En esa misma época, Les Temps Modernes, la revista que iba servir de vehículo a esa filosofía, publicó su primer número en octubre de 1945. En su primera entrega tenía el aspecto de un manifiesto, de profesión de fe, de política cultural: “El escritor, escribe Sartre en su famosa presentación de la revista, está en situación con su época: cada palabra tiene repercusiones. Cada silencio también. Considero a Flaubert y Goncourt responsables de la represión que siguió a la Comuna, porque no escribieron una línea para impedirlo. Eso no les concernía, podría decirse. Pero el proceso contra Calas, ¿le concernía a Voltaire? La condena de Dreyfus, ¿le concernía a Zola? La administración del Congo, ¿le concernía Gide?”. En estas palabras queda definitivamente planteado el compromiso de los intelectuales con el ser social y, al mismo tiempo, su desconfianza ante el poder, ante el Estado. El compromiso con el Estado implica silencio, y el silencio no está lejos de la complicidad.
A través de las páginas de Les Temps Modernes, escribe Annie Cohen-Solal en su magistral biografía, Sartre, 1905-1975 (Ed. Gallimard, 1985), se vehicularía toda la concepción del mundo de Sartre: “transformar al mismo tiempo la condición del hombre y la concepción que éste tiene de sí mismo; dar a la literatura lo que no debió perder nunca, una función social”.
Todo cuanto había escrito en ese texto de presentación se convirtió en su divisa intelectual durante los años siguientes. El existencialismo como moda perdió vigencia en Francia, pero Sartre se convirtió en una figura de renombre internacional. Esa fama la utilizó para jugar un papel importante durante la Guerra Fría entre el Este y el Oeste. Es decir, entre la Unión Soviética y los países socialistas, de un lado, y los Estados Unidos y las potencias occidentales, del otro.
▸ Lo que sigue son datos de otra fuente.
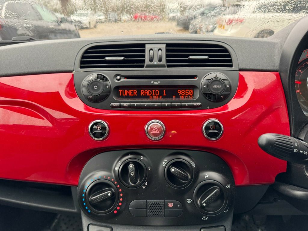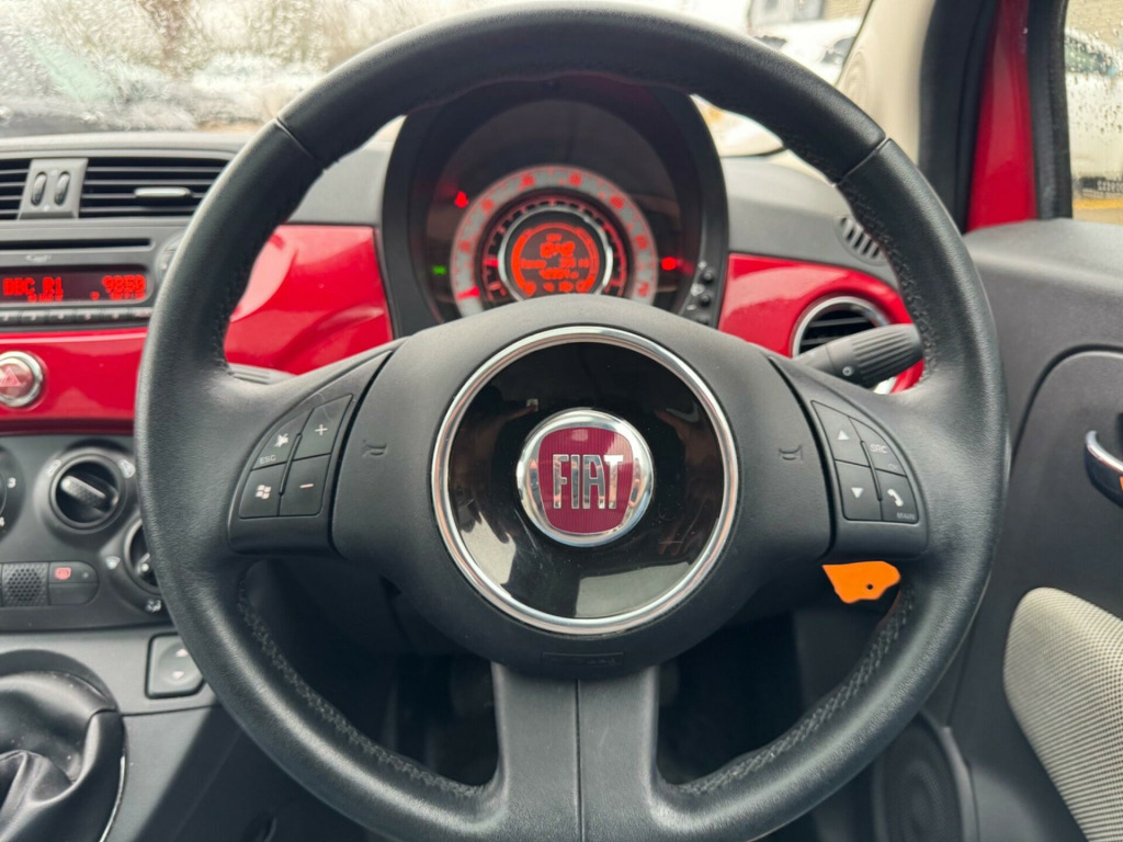 This 2009 Fiat 500 Lounge is presented with a clear vehicle history check. This vehicle is a part exchange to clear. This stylish hatchback features a 1.2 litre petrol engine and the desirable Lounge trim, which includes a fixed glass roof with a sunblind, providing a panoramic sunroof experience. You'll also find chrome door mirror housings that add a touch of elegance. For convenience, it is equipped with rear parking sensors and a rear camera to assist with parking, along with the Blue&Me hands free system complete with a USB port and Bluetooth connectivity. Comfort is assured with air conditioning.This Fiat 500 Lounge stands out with its impressive fuel economy, achieving up to 59 miles per gallon, which indicates it is more economical than many other vehicles in its class. Furthermore, its low CO2 emissions and low insurance group rating suggest that running costs are kept to a minimum, making it an attractive and sensible choice for a wide range of drivers. in alloy wheels, abs - anti-lock braking system, air conditioning, airbags - driver, airbags - front side, airbags - passenger, black ambience, blue&me - hands free system with usb port, body colour door mirrors, chrome kit, drivers knee airbag, ebd - electronic brakeforce distribution, electric front windows, electrically adjustable heated door mirrors, fixed glass roof with sunblind, fixed glass sunroof with sunblind, isofix child seat attachments, ivory ambience, lounge interior trim, power steering - dualdrive electric, radio-cd and mp3 player, remote central locking, space saver spare wheel, split folding 50:50 rear seat, steering wheel - height adjustment, steering wheel - leather with audio controls, window airbags, rear parking sensor, chrome door mirror housings

Sus posiciones durante la Guerra Fría son discutibles. El había pensado, sin ser comunista, que la defensa de la Unión Soviética era de rigor en esos momentos. Su apoyo casi incondicional y su coqueteo con los comunistas franceses daban a entender que Sartre había perdido la independencia de pensamiento que lo caracterizaba. Esas relaciones con los partidos comunistas y sus frecuentes viajes a la URSS le costaron algunas enemistades intelectuales y personales. Pero, tan pronto se enteró de la represión soviética en Budapest su condena fue inminente, así como también su ruptura con el Partido Comunista francés. Sartre no hacía concesiones porque no tenía compromiso con el orden establecido. Los acontecimientos de Budapest en 1956, lo devolvieron al mundo de la libertad de pensar. Y rompió con la URSS.
Con esa ruptura Sartre volvió a ser el lúcido crítico de su época. Un intelectual comprometido, pero no con el poder. Un intelectual que supo siempre reconocer cuando sus posiciones fueron erradas. Una suerte de autocrítica que sólo la permite la libertad de pensar y escribir.